We have considered some problems on movement, how to solve them, figured it out, got acquainted with the concepts of "speed of approach" and "speed of removal", it remains to consider the last point, namely: how to solve problems on movement along the river?
Current
Heremay occur again:
- tasks to move towards each other;
- moving after;
- travel in the opposite direction.
But unlike the previous tasks, the river has a current speed that should not be ignored. Here the objects will move either along the river - then this speed should be added to the own speed of the objects, or against the current - it must be subtracted from the speed of the object.
An example of a task for moving along a river
Condition: "The jet ski went downstream at a speed of 120 km per hour and returned back, while spending two hours less time than against the current. What is the speed of the jet ski in still water?" We are given a current speed of one kilometer per hour.
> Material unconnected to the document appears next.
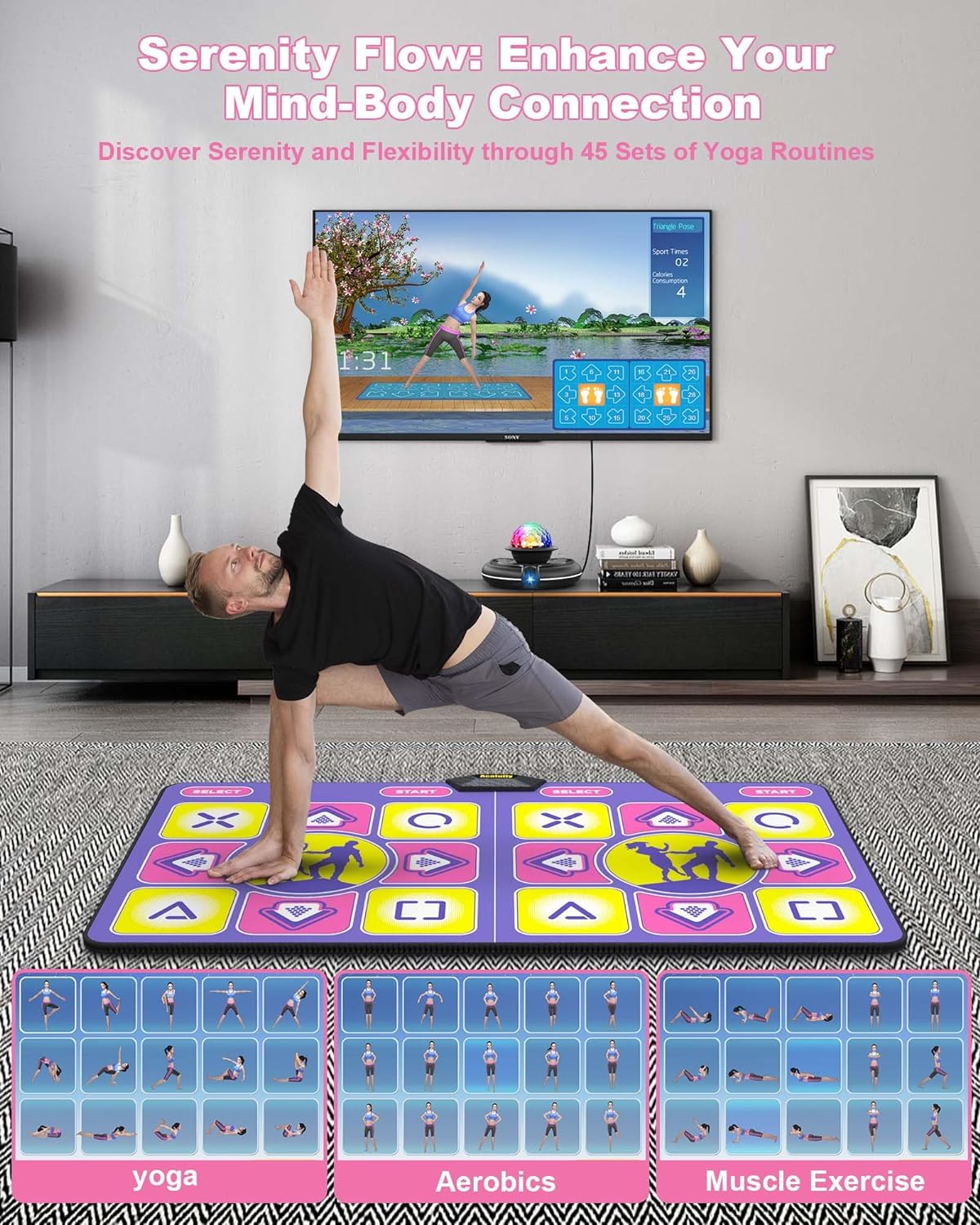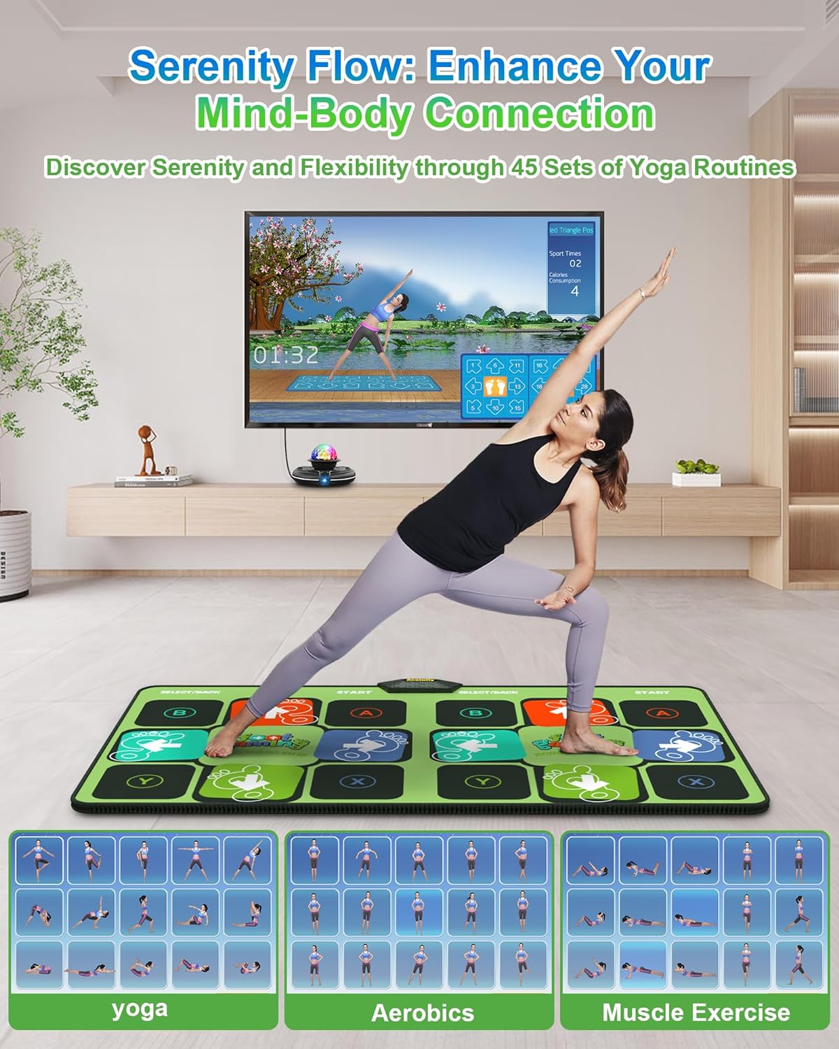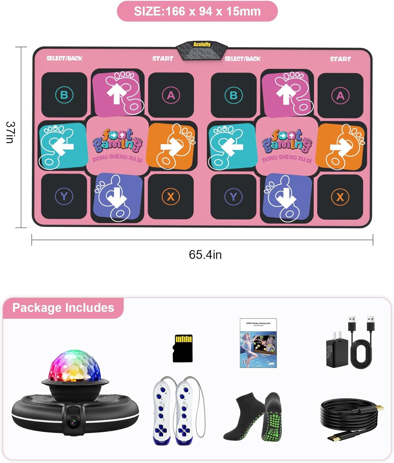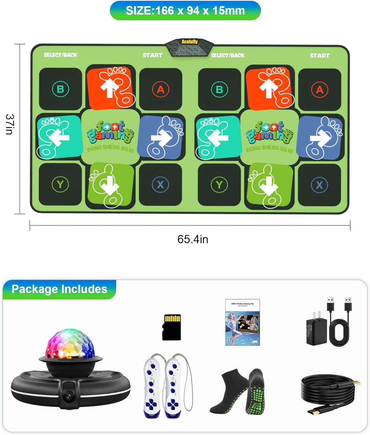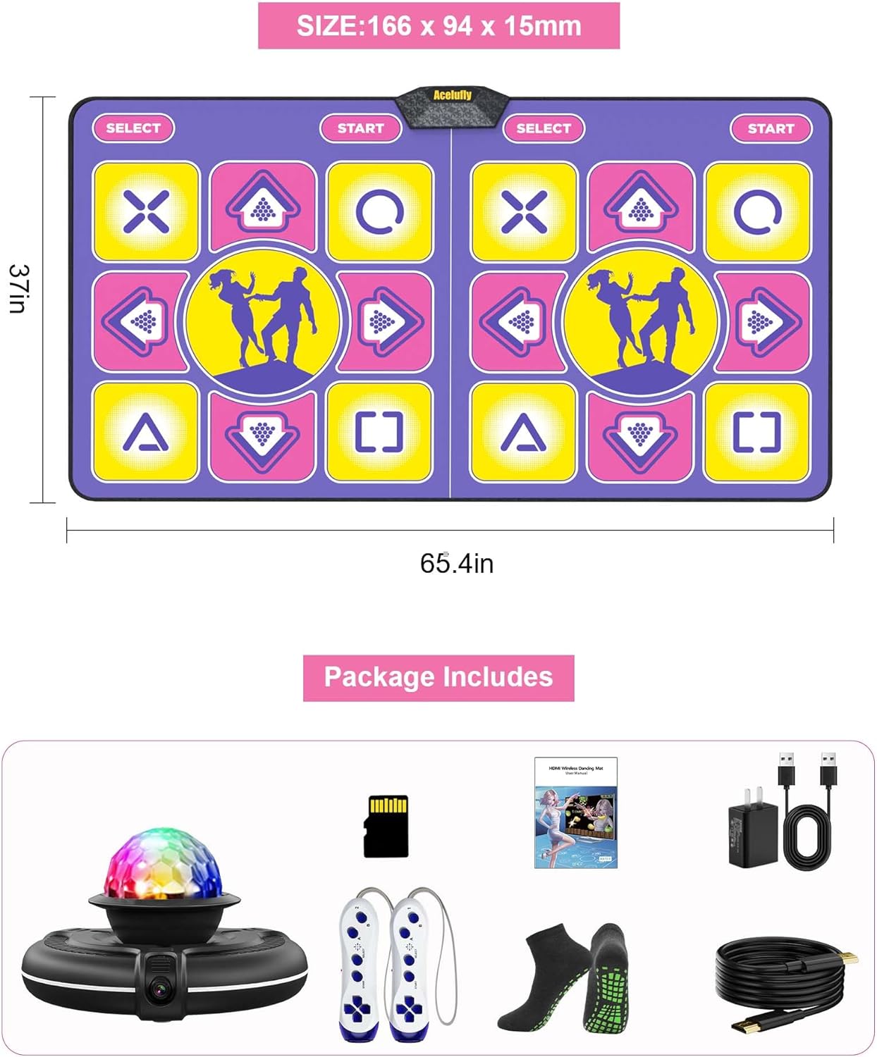 💃��ENERGIZE YOUR ENTERTAINMENT�� Acelufly interactive dance mat - where fun meets fitness! With 3 dance modes, 150+ songs, 6 immersive camera games, 45 yoga guides, 3 thrilling running games & a collection of 70+ wireless controller games, it's the ultimate entertainment package for everyone.

Let's move on to the solution. We propose to draw up a table for a good example. Let's take the speed of a motorcycle in still water as x, then the speed downstream is x + 1, and against x-1. The round trip distance is 120 km. It turns out that the time spent moving upstream is 120:(x-1), and downstream 120:(x+1). It is known that 120:(x-1) is two hours less than 120:(x+1). Now we can proceed to filling in the table.
| v | t | s | |
| downstream | x+1 | 120:(x+1) | 120 |
| against the current | x-1 | 120:(x-1) | 120 |
What we have:(120/(x-1))-2=120/(x+1) Multiply each part by (x+1)(x-1);
120(x+1)-2(x+1)(x-1)-120(x-1)=0;
Solving the equation:
(x^2)=121
Note that there are two possible answers here: +-11, since both -11 and +11 give 121 squared. But our answer will be positive, since the speed of a motorcycle cannot have a negative value, therefore, we can write down the answer: 11 km per hour. Thus, we have found the required value, namely the speed in still water.
We have considered all possible variants of tasks for movement, now you should not have any problems and difficulties when solving them. To solve them, you need to learn the basic formula and concepts such as "the speed of approach and removal." Be patient, work through these tasks, and success will come.